Graph schema (SQLite, simplified):

nodes: id, label, type, metadata (json)
edges: id, source_node_id, target_node_id, relation, metadata (json)
node_refs: vector_id, node_id (to link vector docs to graph nodes)

Entity/relationship extraction:

Use a light LLM extraction prompt that asks for JSON: entities (name, type, span), relations (source, relation, target), confidence.
We run this asynchronously (non-blocking) to avoid delaying writes; low-latency systems can await it.

Example extraction prompt:

Input: conversation snippet or saved fact
Output (JSON):

{
  "entities": [
    {"name": "Project X", "type": "project"},
    {"name": "React", "type": "library"}
  ],
  "relations": [
    {"source": "Project X", "relation": "uses", "target": "React"}
  ]
}

Graph upsert:

Node deduplication by name + type + fuzzy matching.
Edge upsert with relation type and provenance metadata (source fact id).

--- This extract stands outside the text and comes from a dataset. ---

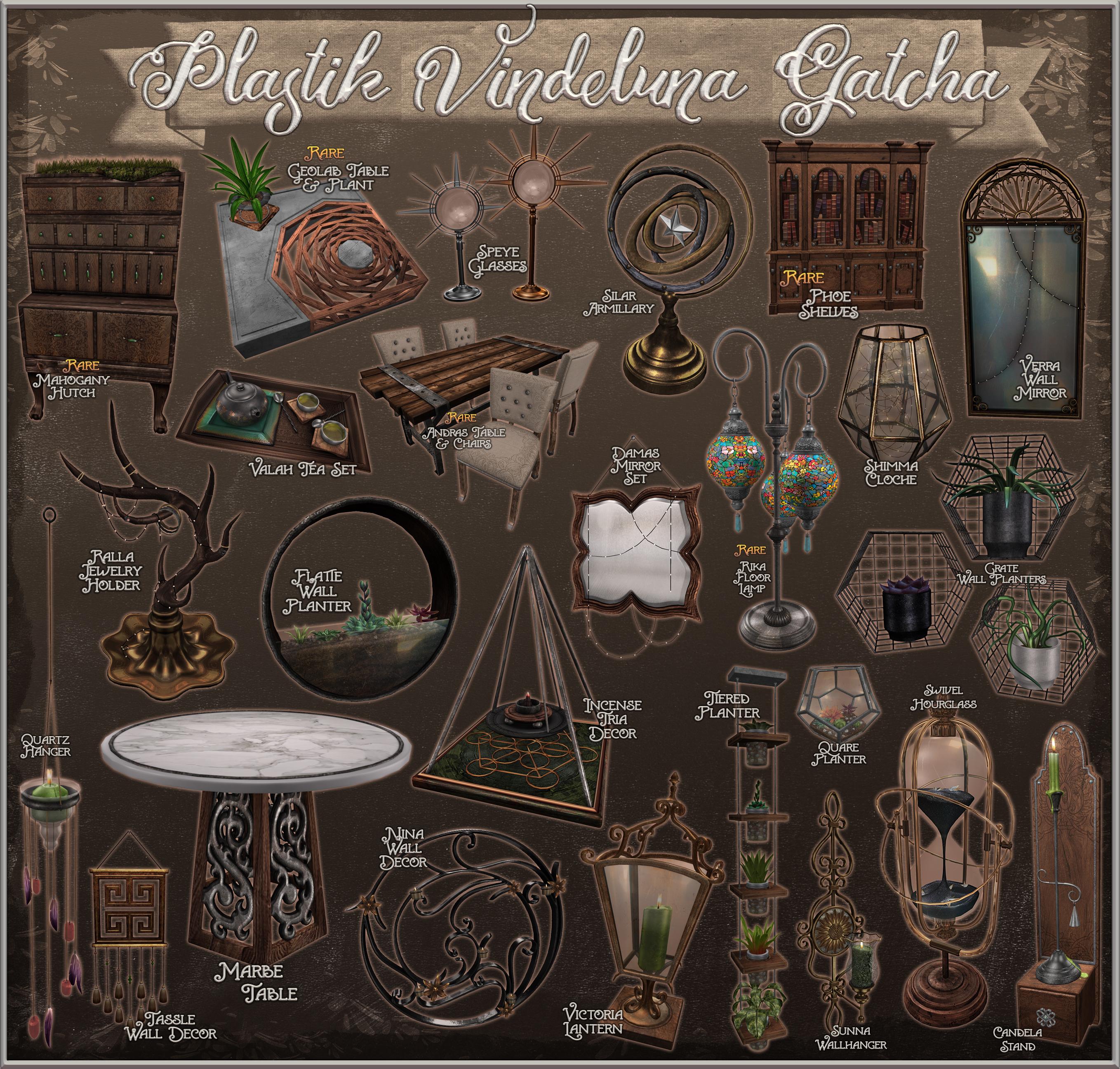 Enter into a world of curious rustic curios and mysterious adornments, items handcrafted from the finest and rarest materials our world has to offer! Decorate your humble abode or sprawling estate with these eccentric and awe-inspiring relics and add a little charm to your home. Illuminate your dwelling with a wide variety of lamps, lanterns and candles. Spruce up the place with a planter or two and take in the exquisite scents they have to offer paired with some incense. Have some tea, tell time or look to the stars and if you’re lucky you might just catch one! A beautiful and wondrous selection awaits you when you play the Vindeluna Gatcha by Plastik!

Using the graph at retrieval:

After vector hits are found, expand the result set by traversing 1–2 hops in the graph for high-confidence relations.
Optionally prioritize recent nodes (timestamp decay) or nodes connected to high-importance tags.
Entities and relationships are persisted in knowledge_graph.sqlite3 across 6 tables, with PRAGMA user_version used for schema versioning and migrations. A key engineering constraint was SQLite's 999-variable limit — the initial DELETE ... WHERE doc_id NOT IN (...) cleanup query would crash on stores with 1000+ memories. This was replaced with a temp-table approach: valid IDs are batch-inserted (500 per batch) into a temporary table, and the delete joins against it instead of using an unbounded IN clause.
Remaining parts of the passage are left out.